Ancak çok partili dönemden bu yana bir türlü tek başına iktidar olmayı başaramadı.
Tabii ki bu başarısızlıkta, dünya ve Türkiye'deki değişimi doğru okuyup, doğru politika ürütememenin büyük payı var, ama güven vermeyen, samimi olamayan lideri de unutmamak lazım…
Ecevit; özverisi, samimiyeti ve güven veren tavırlarıyla CHP'ye damgasını vuran, halkın benimsediği bir liderdi. “Halkçı Ecevit” sloganı laf olsun diye çıkmadı.
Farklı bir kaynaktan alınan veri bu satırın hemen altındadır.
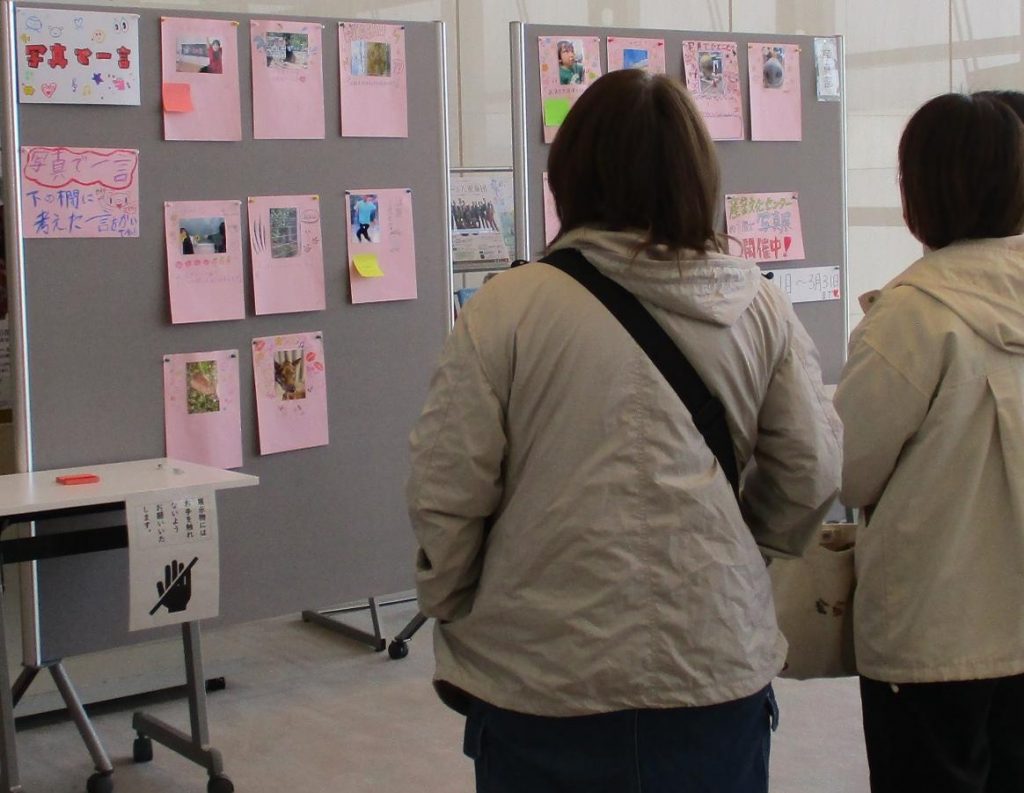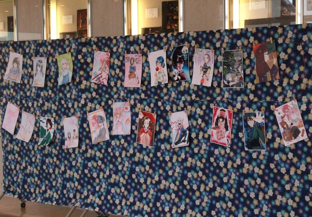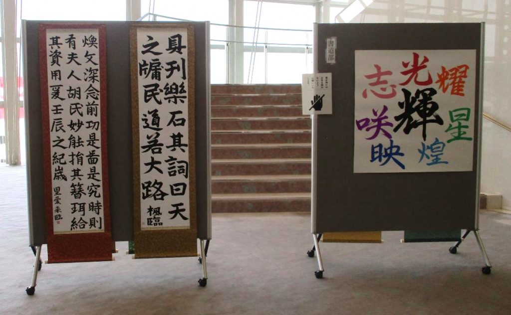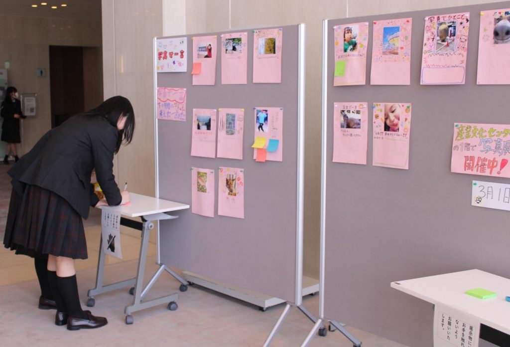 メディアホールや2階ギャラリーでは、美術、保育、服飾プランや国語科・地歴公民科の授業での取組の成果の展示発表があり、多くの生徒が熱心に鑑賞していました。

Ecevit, CHP'nin oyunu 1973 seçimlerinde yüzde 33.3'e, 1977 seçimlerinde de yüzde 41.38'e yükseltmeyi başardı. Zaten Ecevit'ten sonra da CHP bir türlü belini doğrultamadı.
Baykal, dar bakış açısı ve klikci tavrıyla CHP'yi güçlendirmek yerine daha da zayıflatınca, bütün umutlar Kılıçdaroğlu'na bağlandı.
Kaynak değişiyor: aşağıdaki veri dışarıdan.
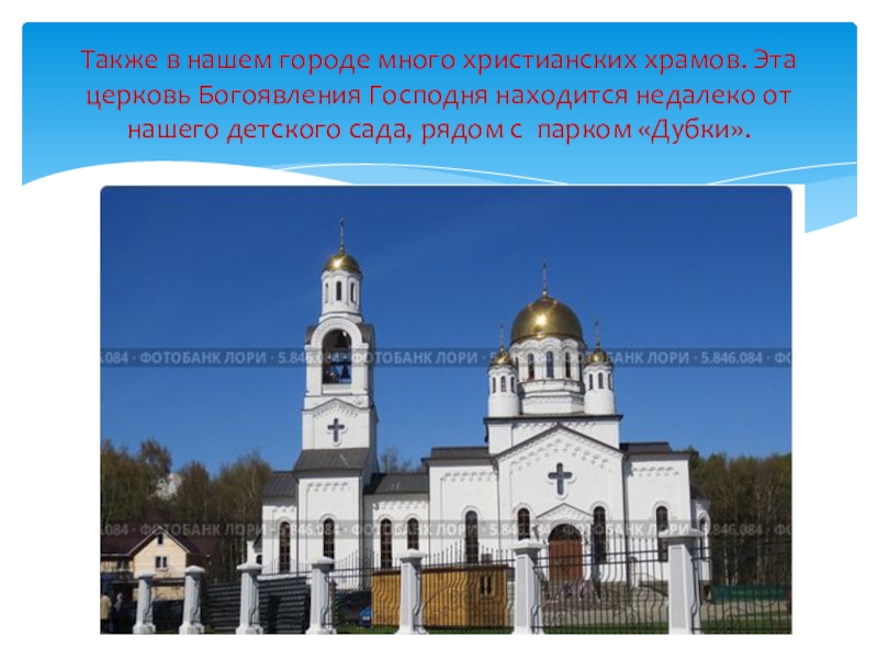 Слайд 14Также в нашем городе много христианских храмов. Эта церковь Богоявления Господня

Ancak Kılıçdaroğlu da kısa sürede kendine bağlanan tüm umutları boşa çıkardı. CHP'nin oyu yüzde 25 bandında dondu kaldı.
Kılıçdaroğlu liderliğindeki CHP'nin oyu hiç değişmedi. 2011'de yüzde 25 olan oy oranı, 2015 Haziran ve 2015 Kasım seçimlerinde de aynı kaldı.
Çünkü halk Kılıçdaroğlu'nu samimi bulmadı, bir türlü güvenemedi…
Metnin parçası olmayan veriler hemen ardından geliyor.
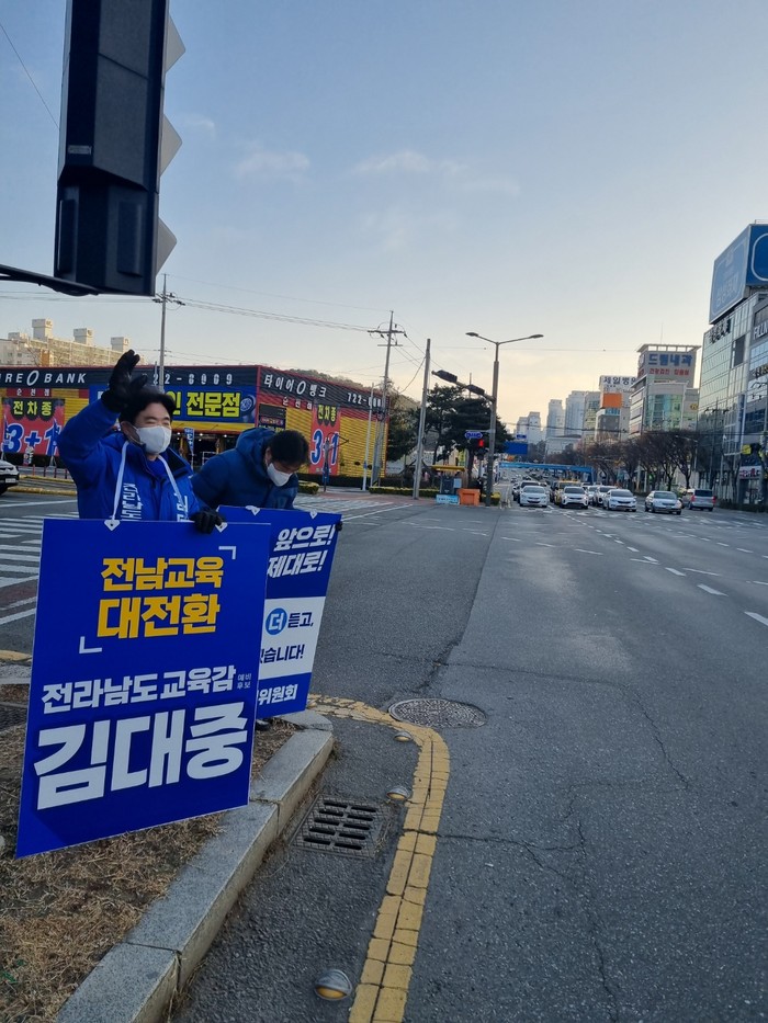 [세계로컬타임즈 김명진 기자] 김대중 전남교육감 예비후보는 7일 오전 예비후보 사무실(전남 순천시 연향3로 5보임빌딩 5층)에 알림 현수막을 게첨하고 본격적인 소통일정으로 대중교통 릴레이 캠페인을 시작했다.

CHP kökenli bir aileden de gelsem, kendimi bildim bileli sol düşünceden yana da olsam, ne Baykal'ı ne de Kılıçdaroğlu'nu samimi ve güven verici buldum…
Kılıçdaroğlu, 2009'da İstanbul Büyükşehir Belediye başkanlığına aday olduğunda fazla tanınmıyordu.
Herkes bu durumun Kılıçdaroğlu için bir dezavantaj olduğunu söylerken, ben tam aksini savunarak yazdığım köşe yazısında, halk Kılıçdaroğlu'nu tanıdıkça CHP'nin oyunun daha da düşeceğini öne sürdüm.
Yanılmadım da; çünkü Kılıçdaroğlu hiçbir zaman samimi bir lider olamadı.
Geçmiş bir yana işte daha dün yaşanan bir olay: Başbakan Yardımcısı Kurtulmuş, referandum sürecinin terör örgütleri için bir motivasyon unsuru olduğunu belirterek, bu örgütlerin “referandumdan evet çıkmasın” diye Türkiye'de bir korku atmosferi oluşturmaya çalıştıklarını, halkı canından bezdirecek eylemlere
girişebileceğini belirtiyor ve referandumdan “evet” çıkması halinde bu terör örgütlerinin sesi ve soluğunun kesileceğini önü sürüyor.
Kılıçdaroğlu, bu açıklamaya balıklama atlayıp, Kurtulmuş'un sözlerinin çok talihsiz olduğunu belirterek, “Bu, ‘şu anda terörü biz destekliyoruz'un itirafıdır” diyor!...
Ve şöyle devam ediyor: “…Çok üzgünüm. Böyle bir lafı asla duymak istemezdim. Kurtulmuş gibi birisinin kalkıp, bu itirafı 80 milyonun önünde yapmış olması son derece hazindir, son derece utanç vericidir.” (!)
Güler misiniz, ağlar mısınız? Kurtulmuş ne demeye çalışıyor, Kılıçdaroğlu nasıl yorumluyor?!..
Bırakanız 7 yaşındaki bir çocuğu, AK Parti düşmanı bir seçmene dahi sorsanız, Kurtulmuş'un sözlerini böyle yorumlayıp, bu derece çarpıtamaz!...
Kılıçdaroğlu CHP'yi büyütmek bir yana adeta ayağa düşürdü. CHP'ye de yazık, CHP seçmenine de!